Possibly the hardest part of ensuring well built structures is dealing with duplicate columns. Here are a couple of examples that demonstrate the proper way to resolve tables that contain duplicate columns.
Figure 2-7 illustrates an example of a table containing duplicate columns that supply reference information.
In this case, StaffLastName and StaffFirstName appear in the Classes table so that a person viewing the table can see the name of the instructor for a given class. These columns are unnecessary because of the one-to-many relationship that exists between the Classes and Staff tables. (A single staff member can teach any number of classes, but a single class is taught by one staff member.) StaffID establishes the relationship between these tables, and the relationship itself lets you view data from both tables simultaneously in an SQL query. With this in mind, you can confidently remove the StaffLastName and StaffFirstName columns from the Classes table without any adverse effects. Figure 2-8 shows the revised Classes table structure.

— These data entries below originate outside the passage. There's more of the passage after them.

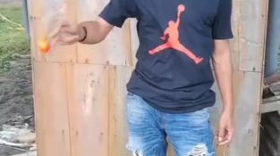 Roket kembang api kecil akan diarahkan tepat ke kepala anak laki-laki.
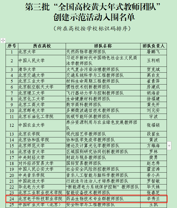 北京电子科技职业学院生物工程学院广大教师以赤诚之心、奉献之心、仁爱之心投身教育事业,凭借卓越的教育成果,深厚的科研实力和高度的社会责任感,荣获2024年度全国教育系统先进集体荣誉,树立了职业教育的新标杆,为国家医药健康战略新兴产业的发展注入了强劲动力。接下来,让我们共同聚焦生物工程学院,探寻其如何在教书育人的伟大事业中书写下一幕幕动人篇章。
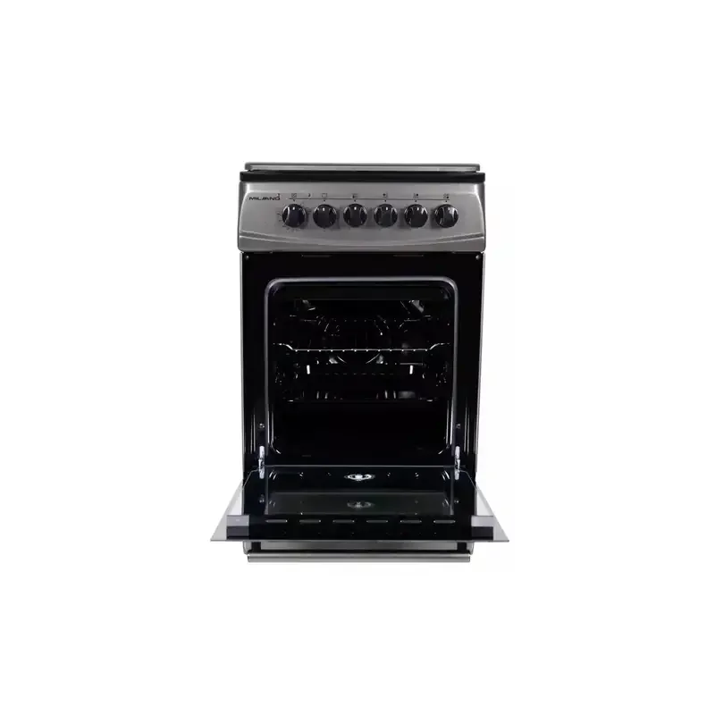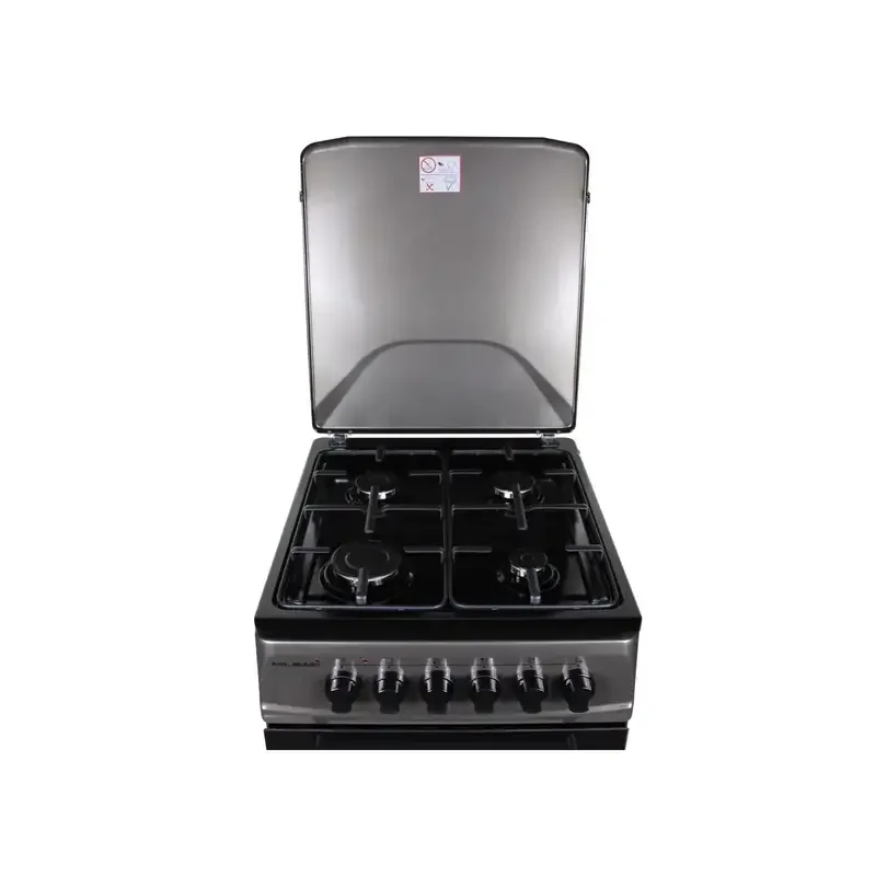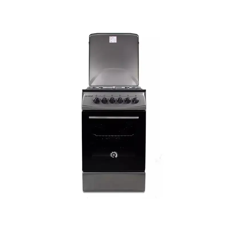 Комбинированная плита, газовая поверхность с электрической духовкой, традиционная очистка, металлическая крышка.
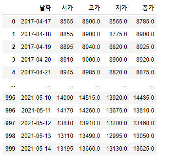 df = df.astype({'시가':'int'}) 또는 df['시가'] = df['시가'].astype(int)
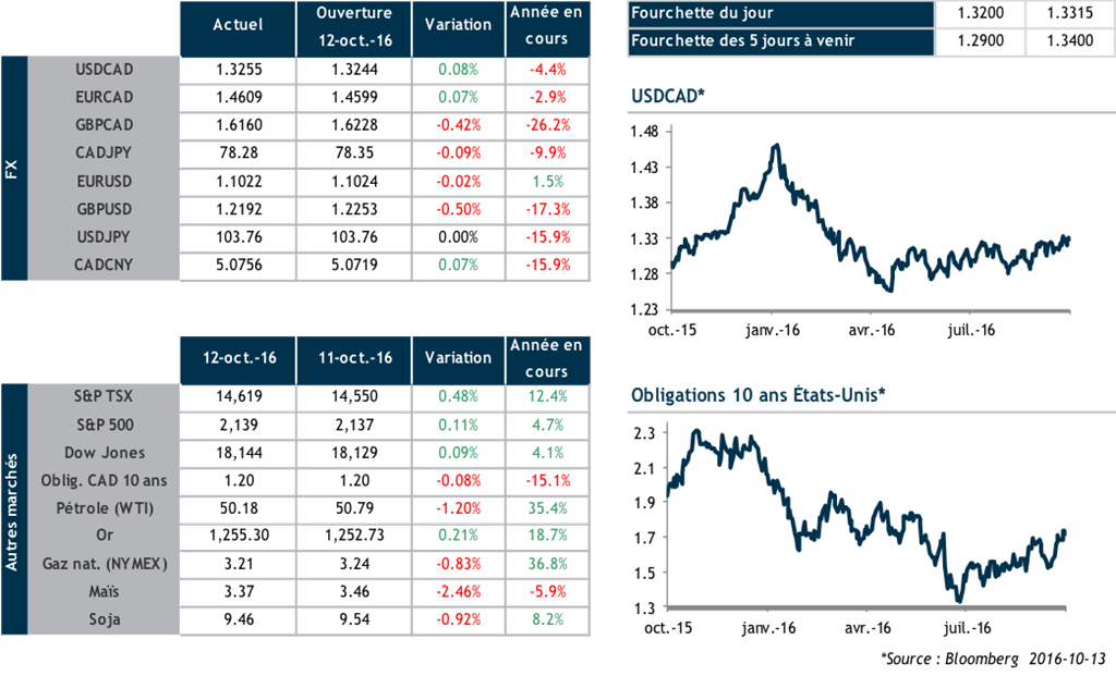 Ce matin, les valeurs refuges ont encore la cote, alors que la Chine a publié des données d’exportation franchement décevantes. Une nouvelle vague d’incertitude en provenance de la Chine pourrait favoriser le USD. Dans ce contexte, le USDCAD pourrait sortir de sa récente fourchette. Restez vigilants.
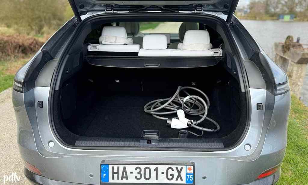 Côté coffre, nous sommes sur un volume de 571 litres. C’est dans la moyenne du segment. La forme facilite le chargement, rien à signaler de ce côté-là. En revanche, XPeng n’a pas intégré de frunk (coffre avant) sur le G6.

Keeping these unnecessary columns in the table automatically introduces a major problem with inconsistent data. You must ensure that the values of the StaffLastName and StaffFirstName columns in the Classes table always match their counterparts in the Staff table. For example, say a female staff member marries and decides to use her married name as her legal name from that day forward. Not only do you have to be certain to make the appropriate change to her row in the Staff table, but you must ensure that every occurrence of her name in the Classes table changes as well. Again, it’s possible to do this (at least, technically), but you’re working much harder than is necessary. Besides, one of the major premises behind using a relational database is that you should enter a piece of data only once in the entire database. (The only exception to this rule is when you’re using a column to establish a relationship between two tables.) As always, the best course of action is to remove all duplicate columns from the tables in your database.

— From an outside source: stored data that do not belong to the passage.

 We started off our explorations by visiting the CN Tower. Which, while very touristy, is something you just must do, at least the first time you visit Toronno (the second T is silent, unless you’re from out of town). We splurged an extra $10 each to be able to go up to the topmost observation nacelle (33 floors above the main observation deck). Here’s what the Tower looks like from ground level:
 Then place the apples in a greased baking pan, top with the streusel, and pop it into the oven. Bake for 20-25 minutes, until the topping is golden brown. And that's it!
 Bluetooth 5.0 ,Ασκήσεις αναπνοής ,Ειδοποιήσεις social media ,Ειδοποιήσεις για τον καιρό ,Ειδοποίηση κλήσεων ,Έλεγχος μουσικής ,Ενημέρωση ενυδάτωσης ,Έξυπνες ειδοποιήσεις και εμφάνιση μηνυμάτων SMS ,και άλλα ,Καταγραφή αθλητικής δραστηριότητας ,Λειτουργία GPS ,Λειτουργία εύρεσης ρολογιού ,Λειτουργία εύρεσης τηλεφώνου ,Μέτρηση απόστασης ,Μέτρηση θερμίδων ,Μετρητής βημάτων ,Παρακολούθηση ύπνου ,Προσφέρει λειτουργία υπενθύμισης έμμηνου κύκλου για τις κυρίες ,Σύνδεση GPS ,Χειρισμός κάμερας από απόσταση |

Figure 2-9 shows another clear example of a table containing duplicate columns. This example illustrates how duplicate columns are mistakenly used to indicate multiple occurrences of a particular type of value. In this case, the three Committee columns are ostensibly used to show the names of the committees in which the employee participates.
Figure 2-9 A table with duplicate columns used to indicate multiple occurrences of a particular type of value
It’s relatively easy to see why these duplicate columns will create problems. One problem concerns the actual number of Committee columns in the table. What if a few employees end up belonging to four committees? For that matter, how can you tell exactly how many Committee columns you’re going to need? If it turns out that several employees participate in more than three committees, you’ll need to add more Committee columns to the table.

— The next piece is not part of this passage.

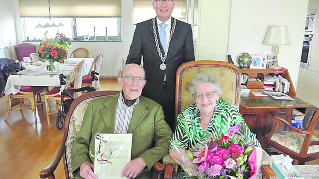 Aalsmeer – Afgelopen maandag 5 oktober was het bruidspaar Sparnaaij-Mantel precies zestig jaar getrouwd. Na een schriftelijke gelukwens van Zijne Majesteit de Koning werd er ook een bezoekje gebracht namens Gemeente Aalsmeer. Wethouder Ad Verburg kwam dinsdag met een prachtig boeket bloemen en een kopie van de trouwakte op visite bij het stel. De pers mocht daarbij aanwezig zijn. Meneer en mevrouw Sparnaaij kennen elkaar al bijna hun hele leven. Ze waren buurjongen en meisje, want woonden tegenover elkaar in de Weteringstraat. Til: “We deden samen altijd opzoekertje, knikkeren en bussietrap en in de pubertijd, we waren een jaar of vijftien, is bij ons de vonk overgeslagen. Tien jaar later trouwden we.” “Jongetje en meisje zijn we altijd gebleven hoor!” zegt Janus Sparnaaij opgewekt. Het stel is nog zeer helder van geest en met hun vijfentachtig behoorlijk fit. Meneer fietst nog altijd en mevrouw doet dat op de hometrainer. “Ik heb zeven maanden volledig plat gelegen in het ziekenhuis en ben sindsdien niet meer zo goed ter been helaas. Maar het gaat stapje voor stapje vooruit” Het paar kreeg vijf kinderen: Bernard, Meinske, Ans, Peter en ‘nakomertje’ Jan. Ze zijn, op Bernard na, allemaal aanwezig. Hij heeft het Locked in syndroom. Gelukkig kon hij er op de zestigjarige huwelijksdag wel bij zijn. “Dat was gisteren het mooiste cadeau dat we konden krijgen.” Aldus het bruidspaar. Naast vijf kinderen, kwamen er zeven kleinkinderen en er is één achterkleinkind. Nummer twee en drie zijn op komst en daar wordt met smart op gewacht. Er heerst een ontspannen, gezellige sfeer in huize Sparnaaij en er worden veel grapjes gemaakt. Het is duidelijk dat het een hecht gezin is. Mevrouw Sparnaaij: “We zijn heel tevreden. Iedereen is goed met elkaar. Ook de aanhang. Ja we hebben een mooi leven.”
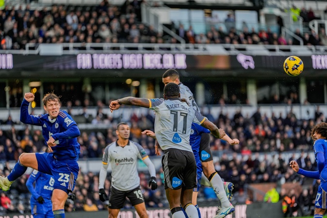 Jannik Vestergaard of Leicester City and Corey Blackett-Taylor of Derby County leap to head the ball during the Sky Bet Championship match Derby County vs Leicester City at Pride Park Stadium, Derby, United Kingdom, 6th December 2025, Credit:Maynard Manyowa/News Images / Avalon

A second problem pertains to retrieving information from the table. How do you retrieve those employees who are currently in the ISO 9000 committee? It’s not impossible, but you’ll have difficulty retrieving this information. You must execute three separate queries (or build a search condition that tests three separate columns) in order to answer the question accurately because you cannot be certain in which of the three Committee columns the value ISO 9000 is stored. Now you’re expending more time and effort than is truly necessary.
A third problem concerns sorting the data. You cannot sort the data by committee in any practical fashion, and there’s no way that you’ll get the committee names to line up correctly in alphabetical order. Although these might seem like minor problems, they can be quite frustrating when you’re trying to get an overall view of the data in some orderly manner.
If you study the Employees table in Figure 2-9 closely, you’ll soon realize that there is a many-to-many relationship between the employees and committees to which they belong. A single employee can belong to any number of committees, and a single committee can be composed of any number of employees. You can, therefore, resolve these duplicate columns in the same manner that you would resolve any other many-to-many relationship—by creating a linking table. In the case of the Employees table, create the linking table by using a copy of the primary key (EmployeeID) and a single Committee column. Give the new table an appropriate name, such as Committee_Members, designate both the EmployeeID and Committee columns as a composite primary key, remove the Committee columns from the Employees table, and you’re done. (You’ll learn more about primary keys later in this chapter.) Figure 2-10 shows the revised Employees table and the new Committee_Members table.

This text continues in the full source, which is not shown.